Decomposition and nitrogen mineralization in five common urban habitat types across seven college campuses in Southern California (January-May 2019)

Urban landscaping conversions can alter decomposition processes and soil respiration, making it difficult to forecast regional CO2 emissions. Here we explore rates of initial mass loss and net nitrogen (N) mineralization in natural and four common urban landcovers (water -wise, water-wise with mulch, shrub, and lawn) from sites across seven Colleges in southern California. To better understand decomposition processes in surface soils across various urban habitats, we measured rates of leaf litter decomposition and nitrogen (N) mineralization between 28 January and 17 May 2019, for two dominant native trees of the southern California region: coastal live oak (Quercus agrifolia Neé, “oak”) and western sycamore (Platanus racemosa L., “sycamore”) in natural and urbanized land-covers at seven college campuses in southern California.
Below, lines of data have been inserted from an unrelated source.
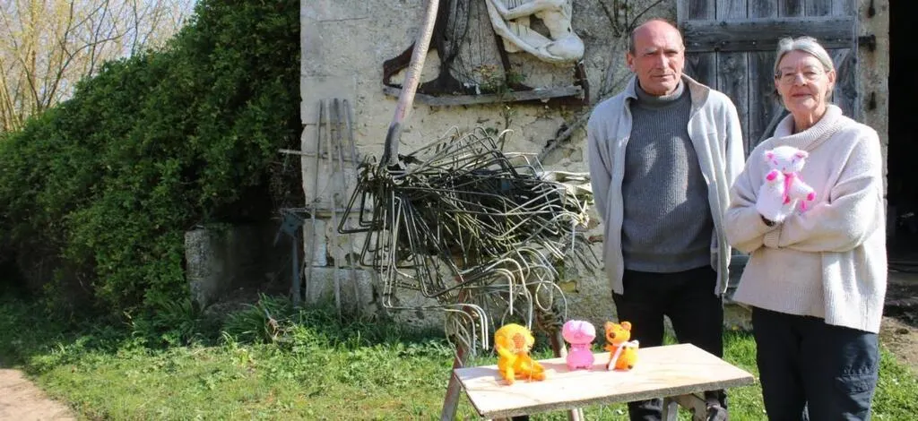 Sophie et Alain Bouvet, devant les figurines réalisées au crochet et des sculptures, dont l’autruche, qui a valu le prix Louis Derbré à l’artiste. © Ouest-France
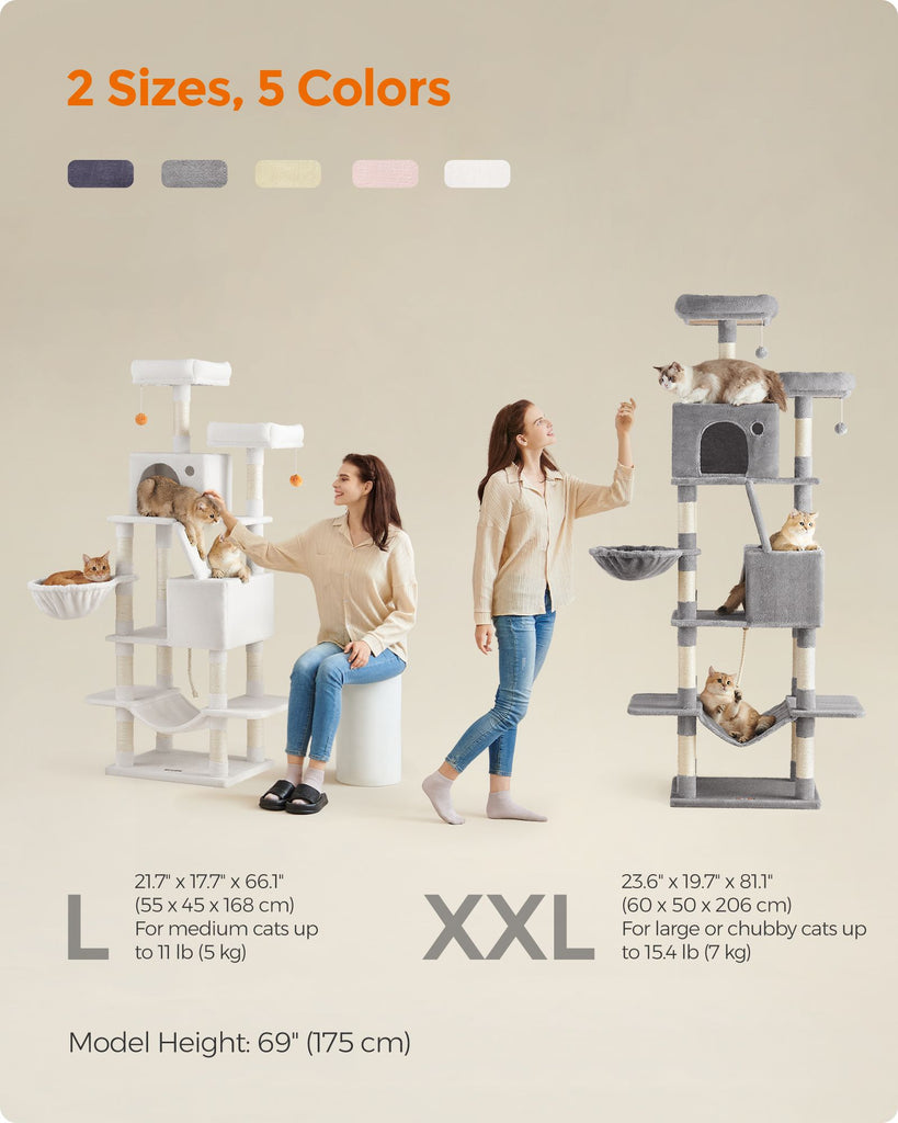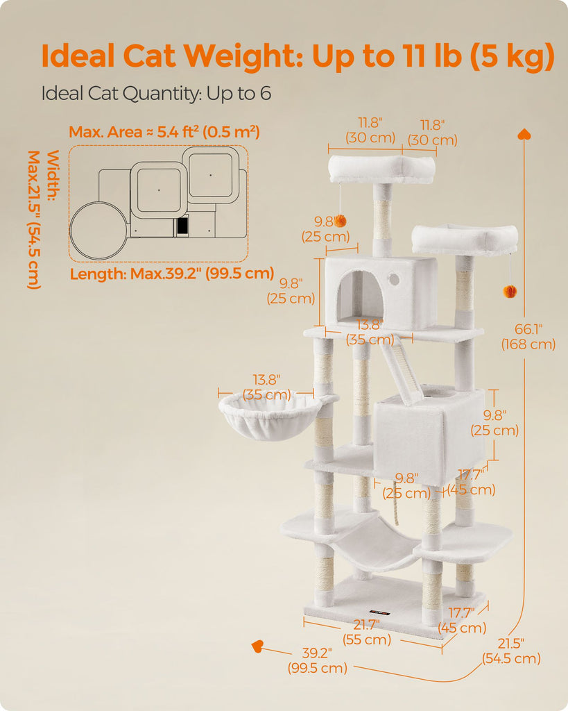 66.1" Tall Large Multi-Level Cat Tree with 13 Scratching Posts Cream White
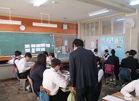 8年生の教室では、「書道パフォーマンスの挑戦」という資料を通して日本の伝統文化について考えていました。このお正月、日本の伝統文化に触れる機会もあったようで、活発に自分の意見を発表する姿がありました。
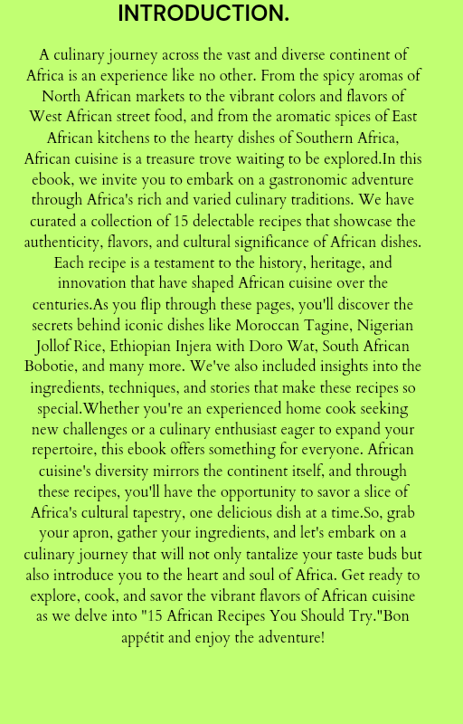 "Embark on a delectable adventure with our eBook featuring 15 authentic African recipes. From the savory stews of Ethiopia to the spicy jollof rice of West Africa, explore the vibrant flavors and rich culinary traditions of the diverse African continent. Discover the essence of Africa's culinary heritage and share the warmth, stories, and traditions through these delicious dishes."
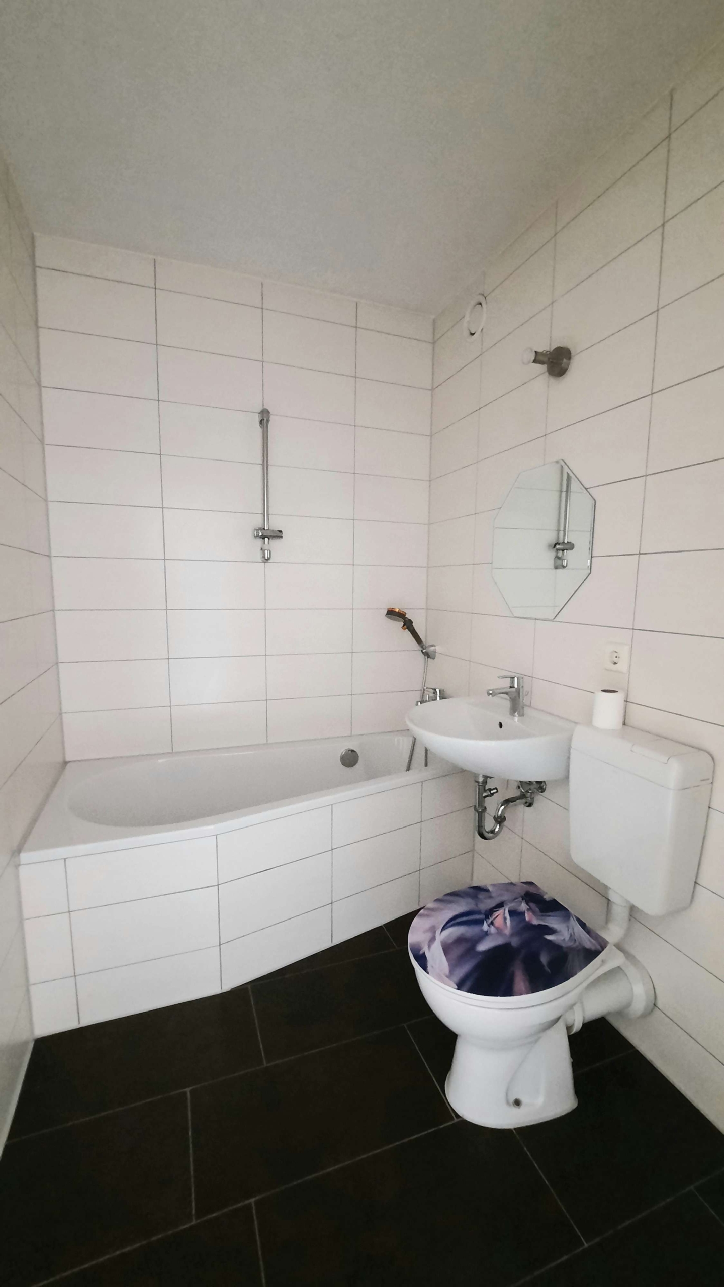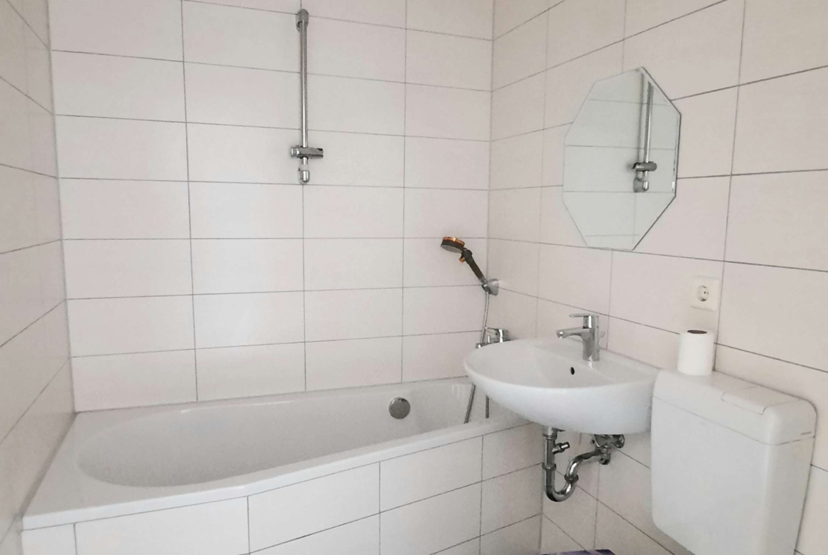 – Bad innenliegend hochwertig gefliest mit Badewanne und Fußbodenheizung
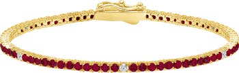 Clear and colorful cubic zirconia are hand-set along the circumference of this slim-but-striking tennis bracelet.
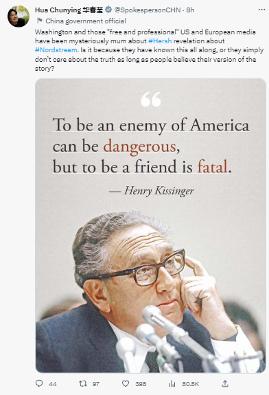 [环球网报道 记者 索炎琦]“美方被曝秘密炸掉北溪天然气管道”一事引发广泛关注。北京时间10日下午,华春莹在社交媒体推特上发文,抨击美国、欧洲媒体对知名调查记者西摩·赫什的这一爆料保持“神秘的沉默”,还发了张图,图上写着美国前国务卿基辛格的一句名言:“做美国的敌人是危险的,而做美国的盟友则是致命的”。

At each college, we placed litter bags in five landcover types that typify southern California urban landscapes: (1) lawns, dominated by non-native grasses and high water inputs; (2) hedge/shrub environments, defined by at least 75% cover of non-native shrubs with water inputs; (3) water-wise gardens (no mulch), which consist of native or non-native plants with reduced water inputs but no mulch; (4) water-wise (with mulch) gardens, with native or non-native plants, reduced water inputs and a mulch (most often mixed wood chips) covered soil; and (5) natural areas, receiving no water subsidies often dominated by native shrubs or non-native annuals.